Health IT, Hospitals, Policy

What if your EMR was designed by a graphic designer and rendered well on the iPhone?

What if your EMR was designed to be as intuitive and visually pleasing as an […]

What if your EMR was designed to be as intuitive and visually pleasing as an app on your iPhone?

After launching the meaningful use program to get more more health information in a digital format, the government has  moved on to the next challenge: updating the design of the information for the 21st century.

Convinced that their true value lies in actually how it presents the data, the federal government – more precisely the Veteran Affairs department – posed designers a challenge: reimagine the electronic medical record.

The designers had these goals that needed to be fulfilled through their EMR redesign:

  • Improve the visual layout and style of information as it is presented in an medical record
  • Create a user-friendly design or what the government calls “human-centered” design that enables patients to manage their health easily
  • Empower heatlh professionals to truly understand what the EMR contains to help them use it more effectively and
  • Help care givers like friends and family to take care of their loved ones

More than 230 design submissions were made.
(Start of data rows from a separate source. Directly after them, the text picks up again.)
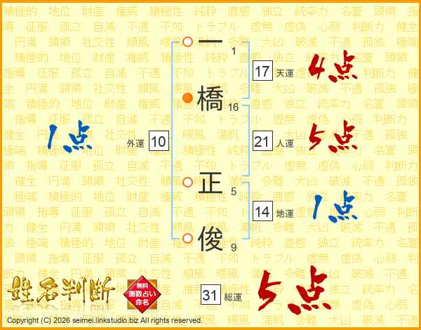 一橋正俊さんの天運は17画の4点!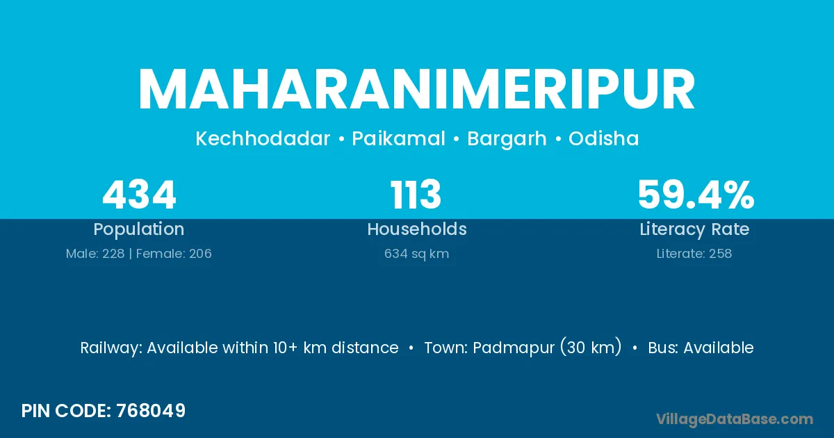 Padmapur (30 km) is the nearest town to Maharanimeripur village for major economic activities and is located approximately 30 km away.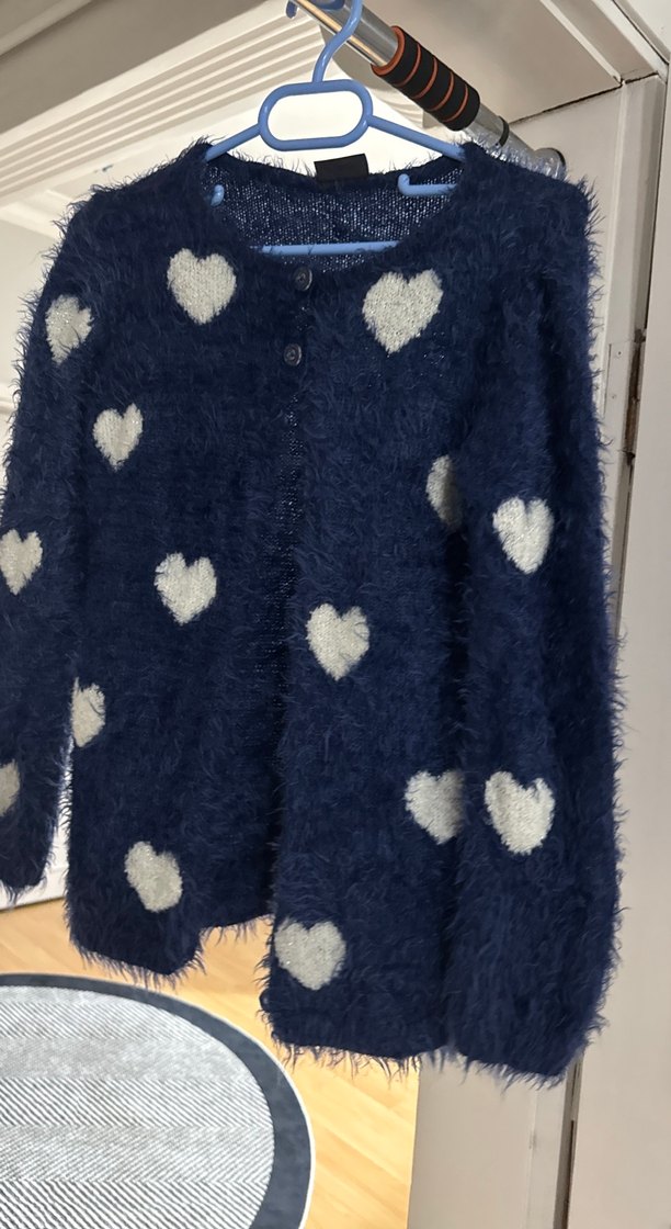 Uzun kollu, tüylü mavi örme hırka, beyaz kalp desenleriyle rahat ve salaş bir görünüme sahiptir.

You can check out the best of them here.

Here’s the winning entry called the Nightingale, which builds on four simple themes the designers – Amy Guterman, Stephen Menton, Defne Civelekoglu, Kunal Bhat, Amy Seng, and Justin Rheinfrank from gravitytank, a Chicago consultancy – constructed. An EMR needs to be:

  • dynamic – something that “prioritizes the here and now and surfaces how our health is improving or worsening”
  • holistic – something that “shows us how visits, prescriptions and lab results are interrelated
  • understandable -something that “minimized jargon and presents information in visual and understandable ways”
  • personalized – something that “is designed for us, giving us the information we need to take control of our health

 But this is not an academic exercise. Veteran Affairs plans to take the next two months to build several combinations of the winning designs in an open-sourced manner on GitHub. Finally, EMRs nationwide will be able to integrate these designs into their systems as well as contribute to the project.

A million-dollar question remains: Are we going to see EMR behemoth Epic lure away some of these gravitytank folks?